Exercise aim » Among the entries below, find the line with "Extreme close-up of", then quote it and each following line up to and including the line with "Kit 6 Bobs Grandes", and nothing else.

Information provided »
·····

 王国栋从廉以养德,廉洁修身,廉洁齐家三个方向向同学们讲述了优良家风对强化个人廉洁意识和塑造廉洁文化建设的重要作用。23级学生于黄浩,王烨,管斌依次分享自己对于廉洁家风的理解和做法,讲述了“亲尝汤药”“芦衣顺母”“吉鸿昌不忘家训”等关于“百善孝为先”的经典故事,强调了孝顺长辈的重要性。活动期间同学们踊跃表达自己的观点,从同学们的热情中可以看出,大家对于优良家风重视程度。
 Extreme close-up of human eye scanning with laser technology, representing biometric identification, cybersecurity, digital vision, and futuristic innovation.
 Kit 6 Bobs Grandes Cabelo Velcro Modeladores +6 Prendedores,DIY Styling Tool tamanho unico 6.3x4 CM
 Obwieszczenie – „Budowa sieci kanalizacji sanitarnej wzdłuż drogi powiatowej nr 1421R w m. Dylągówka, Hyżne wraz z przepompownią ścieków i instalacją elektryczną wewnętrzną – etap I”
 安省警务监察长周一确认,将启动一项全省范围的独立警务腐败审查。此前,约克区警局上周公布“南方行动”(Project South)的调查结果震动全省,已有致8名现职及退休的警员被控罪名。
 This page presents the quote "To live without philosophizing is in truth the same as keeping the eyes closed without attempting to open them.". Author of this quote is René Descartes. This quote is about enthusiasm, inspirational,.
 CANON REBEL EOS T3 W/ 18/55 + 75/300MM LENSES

·····

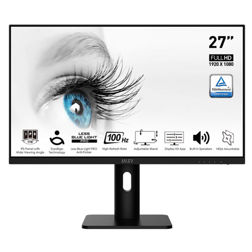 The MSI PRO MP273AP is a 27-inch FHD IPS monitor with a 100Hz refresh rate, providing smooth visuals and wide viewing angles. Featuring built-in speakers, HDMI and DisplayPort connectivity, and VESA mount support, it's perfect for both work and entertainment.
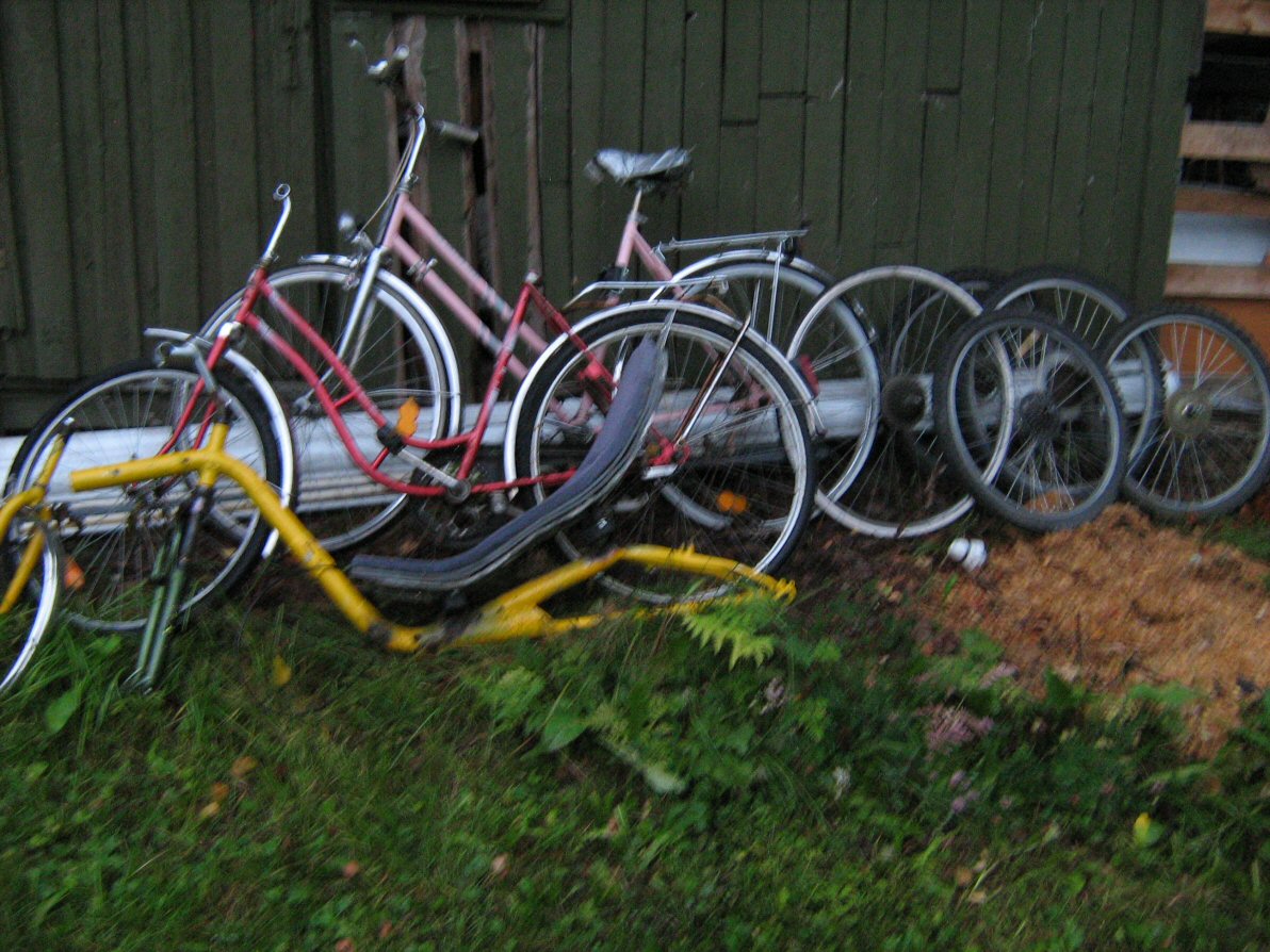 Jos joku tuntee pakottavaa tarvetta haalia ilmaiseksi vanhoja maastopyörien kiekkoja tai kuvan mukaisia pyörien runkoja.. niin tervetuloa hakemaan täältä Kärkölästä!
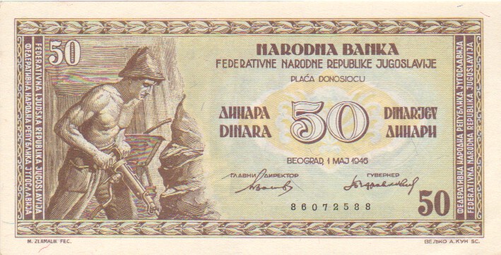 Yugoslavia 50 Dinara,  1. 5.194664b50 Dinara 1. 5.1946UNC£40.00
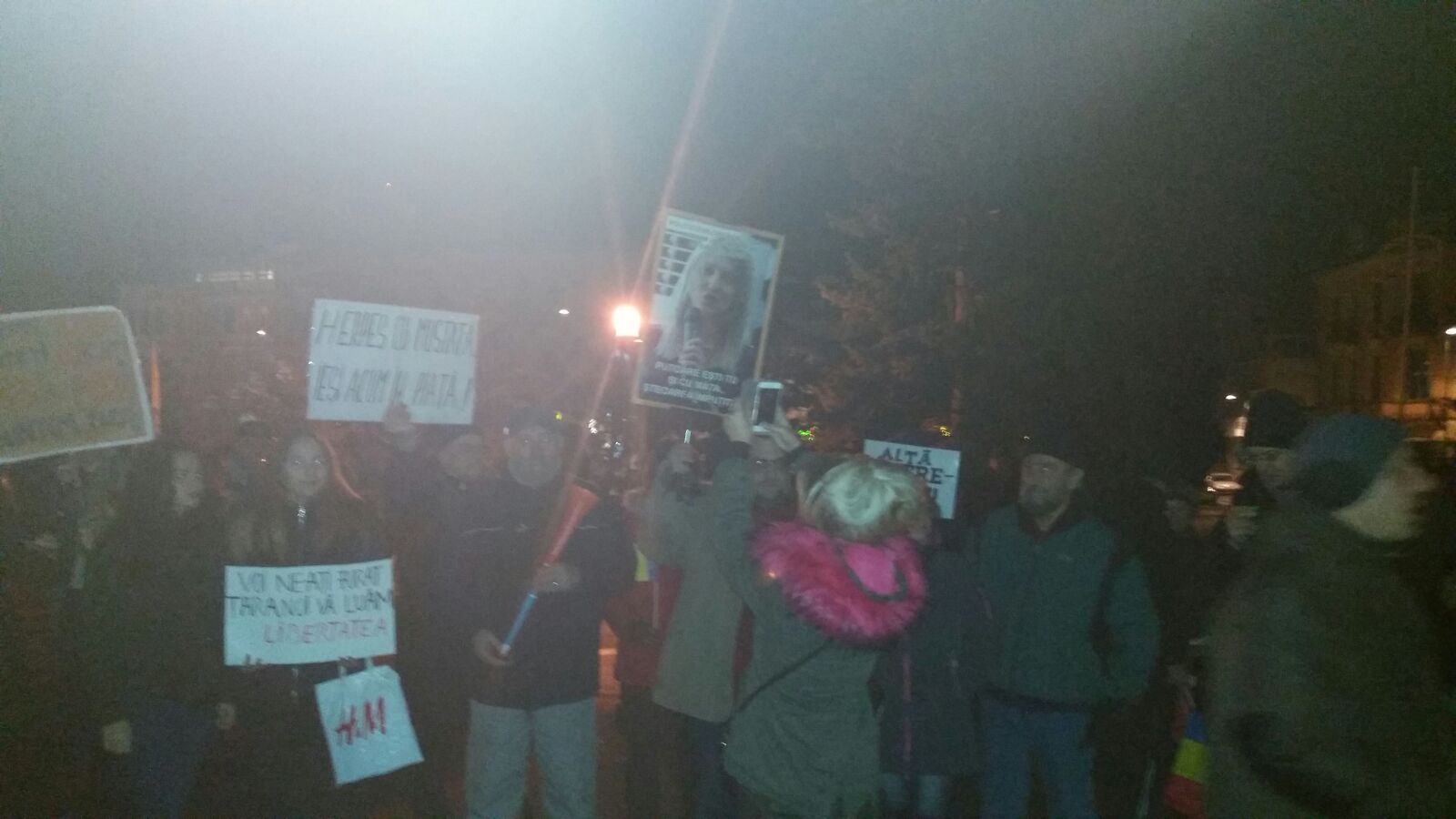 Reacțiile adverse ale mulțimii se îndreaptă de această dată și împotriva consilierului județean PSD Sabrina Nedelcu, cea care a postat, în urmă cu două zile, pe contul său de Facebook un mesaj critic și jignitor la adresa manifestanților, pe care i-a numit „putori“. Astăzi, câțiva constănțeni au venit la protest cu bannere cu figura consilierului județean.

·····

Task result »
 Extreme close-up of human eye scanning with laser technology, representing biometric identification, cybersecurity, digital vision, and futuristic innovation.
 Kit 6 Bobs Grandes Cabelo Velcro Modeladores +6 Prendedores,DIY Styling Tool tamanho unico 6.3x4 CM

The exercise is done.